Inner Mercy of Jonah 4:2
Jonah 4:2 - A Neville Goddard interpretation
Read Jonah 4 in context
Scripture Focus
Biblical Context
Jonah prays to the LORD, recalling his flight and naming God as gracious, merciful, slow to anger, and of great kindness. He reveals an inner struggle to accept divine mercy.
Neville's Inner Vision
Jonah’s prayer is a window into a consciousness that already knows God as the I AM, yet resists mercy through fear. When he says, 'I knew that thou art gracious God, and merciful, slow to anger, and of great kindness,' he is naming the very power that can relent any inner doom. In Neville’s method, the 'God' he addresses is not a distant figure but the awareness that animates him. The act of fleeing to Tarshish is the inner protest against mercy, the ego clinging to a story that relief must be earned.
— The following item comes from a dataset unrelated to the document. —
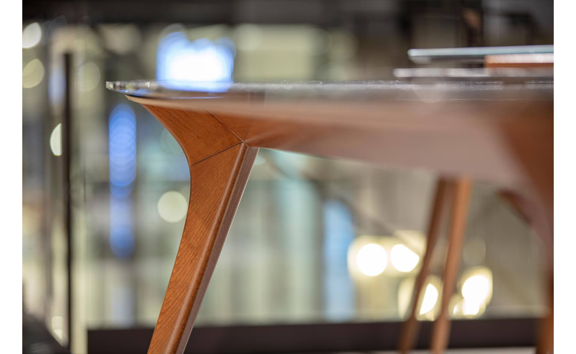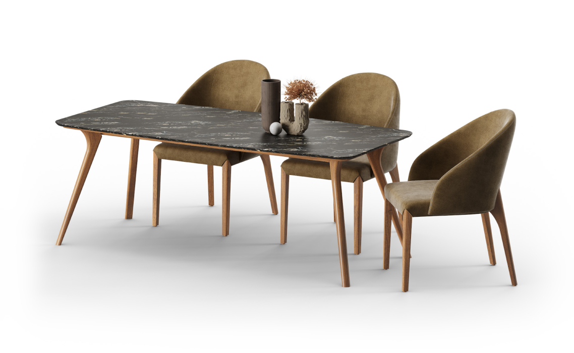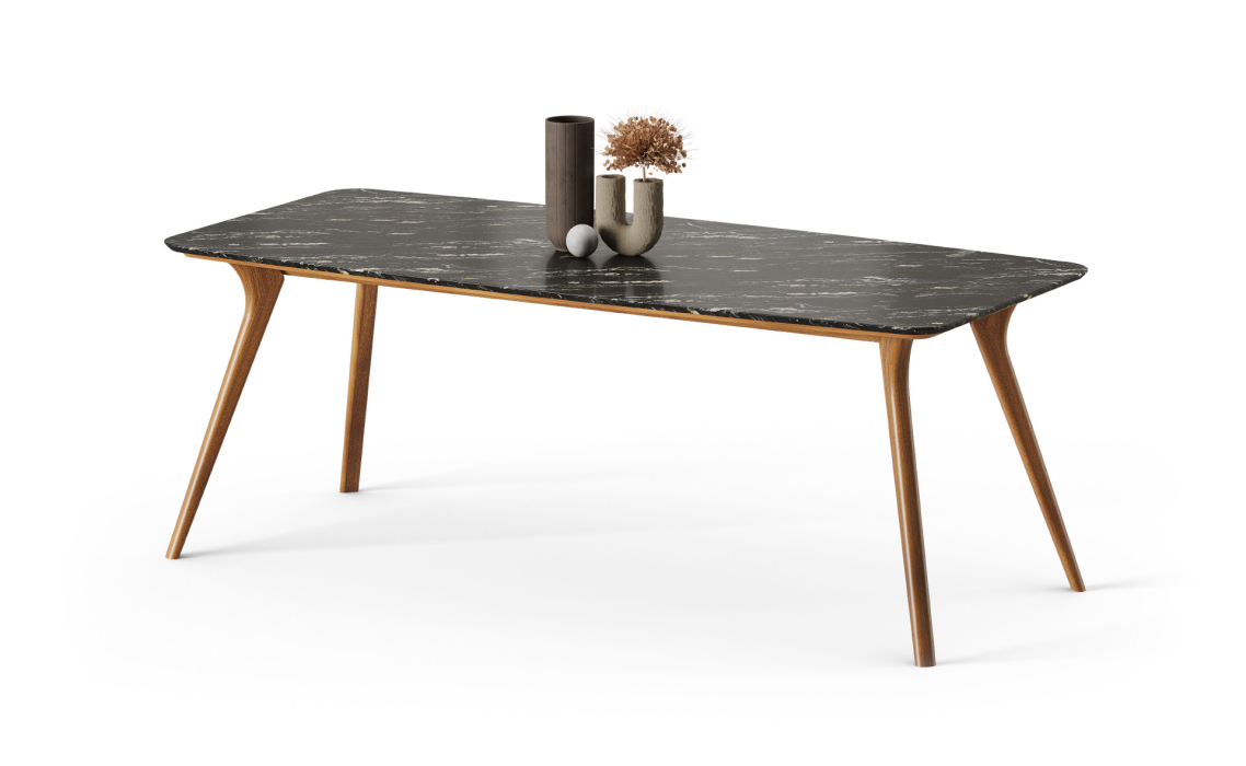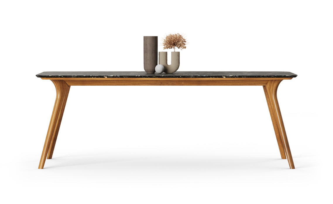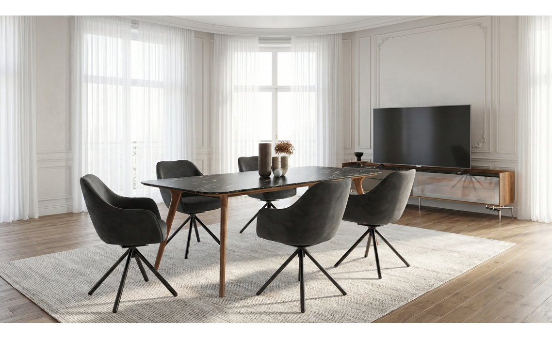 Позвольте себе насладиться гармоничным сочетанием материалов — благородного дерева и изысканного мрамора, воплощенных в элегантном дизайне обеденного стола 68 DINING TABLE.
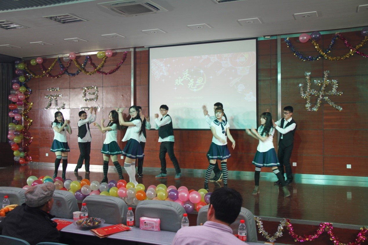 一串串气球高悬,一条条彩带飞舞,在欢快的音乐声中,特功研究生精心准备的开场舞拉开了元旦联欢会的序幕。

The remedy is not argument but shift: assume the posture of the gracious I AM here and now, and revise the feeling state until mercy is felt as true. Your present thoughts and emotions become the living God you call forth. As you practice, you invite a turning in your own consciousness—repentance enacted as an inner revision rather than a mere confession. So rest in the knowledge that mercy is your essential nature, and let the I AM dissolve the fear of change. Mercy is not given; it is recognized as your own consciousness.
Practice This Now
Close your eyes, and, as if it were true now, imagine yourself as the gracious I AM. Revise a current resistance by feeling that mercy is already real in you, and let that sensation soften your next action.